We follow the equity method of accounting when we can not exercise control over the investee, but we can exercise significant influence over the operating and financial policies of the investee. Under this method, our equity investments are carried originally at our acquisition cost, increased by our proportionate share of the investee’s net income and by contributions made, and decreased by our proportionate share of the investee’s net losses and by distributions received.

Cash and Cash Equivalents

Cash and cash equivalents include all cash on hand, demand deposits, and investments with original maturities of three months or less. We consider cash equivalents to include short-term, highly liquid investments that are readily convertible to known amounts of cash and which are subject to an insignificant risk of changes in value. Checks outstanding at the end of a period are reclassified to accounts payable, as we extinguish liabilities when the creditor receives our payment and we are relieved of our obligation (which for a check generally occurs when our bank honors that check).

 

F-15


Comprehensive Income

Comprehensive income includes net income and other comprehensive income (“OCI”), which includes changes in the fair value of derivative instruments that are designated as hedges.

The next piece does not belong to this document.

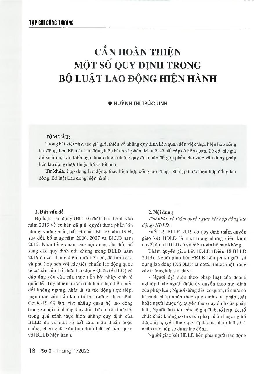 Cần hoàn thiện một số quy định trong Bộ luật Lao động hiện hành = The need for improving some provisions of the performance of labor contracts under the current Labor Code

Allowance for Doubtful Accounts

Estimated losses on accounts receivable are provided through an allowance for doubtful accounts. In evaluating the adequacy of the allowance, we make judgments regarding each party’s ability to make required payments, economic events and other factors. As the financial condition of any party changes, circumstances develop or additional information becomes available, adjustments to an allowance for doubtful accounts may be required.

Inventories

The Partnership’s inventories consist primarily of NGL product inventories. Most NGL product inventories turn over monthly, but some inventory, primarily propane, is acquired and held during the year to meet anticipated heating season requirements of the Partnership’s customers. NGL product inventories are valued at the lower of cost or net realizable value using the average cost method. Commodity inventories that are not physically or contractually available for sale under normal operations (“deadstock”) are classified as Property, Plant and Equipment. Inventories also include materials and supplies required for our Badlands expansion activities in North Dakota, which are valued using the specific identification method.

Product Exchanges

Exchanges of NGL products are executed to satisfy timing and logistical needs of the exchange parties. Volumes received and delivered under exchange agreements are recorded as inventory. If the locations of receipt and delivery are in different markets, an exchange differential may be billed or owed. The exchange differential is recorded as either accounts receivable or accrued liabilities.

Gas Processing Imbalances

Quantities of natural gas and/or NGLs over-delivered or under-delivered related to certain gas plant operational balancing agreements are recorded monthly as inventory or as a payable using the weighted average price at the time the imbalance was created. Inventory imbalances receivable are valued at the lower of cost or market using the average cost method; inventory imbalances payable are valued at replacement cost. These imbalances are settled either by current cash-out settlements or by adjusting future receipts or deliveries of natural gas or NGLs.

Derivative Instruments

The Partnership employs derivative instruments to manage the volatility of cash flows due to fluctuating energy prices and interest rates. All derivative instruments not qualifying for the normal purchase and normal sale exception are recorded on the balance sheets at fair value. The treatment of the periodic changes in fair value will depend on whether the derivative is designated and effective as a hedge for accounting purposes. The Partnership has designated certain liquids marketing contracts that meet the definition of a derivative as normal purchases and normal sales, which under GAAP, are not accounted for as derivatives. As a result, the revenues and expenses associated with such contracts are recognized during the period when volumes are physically delivered or received.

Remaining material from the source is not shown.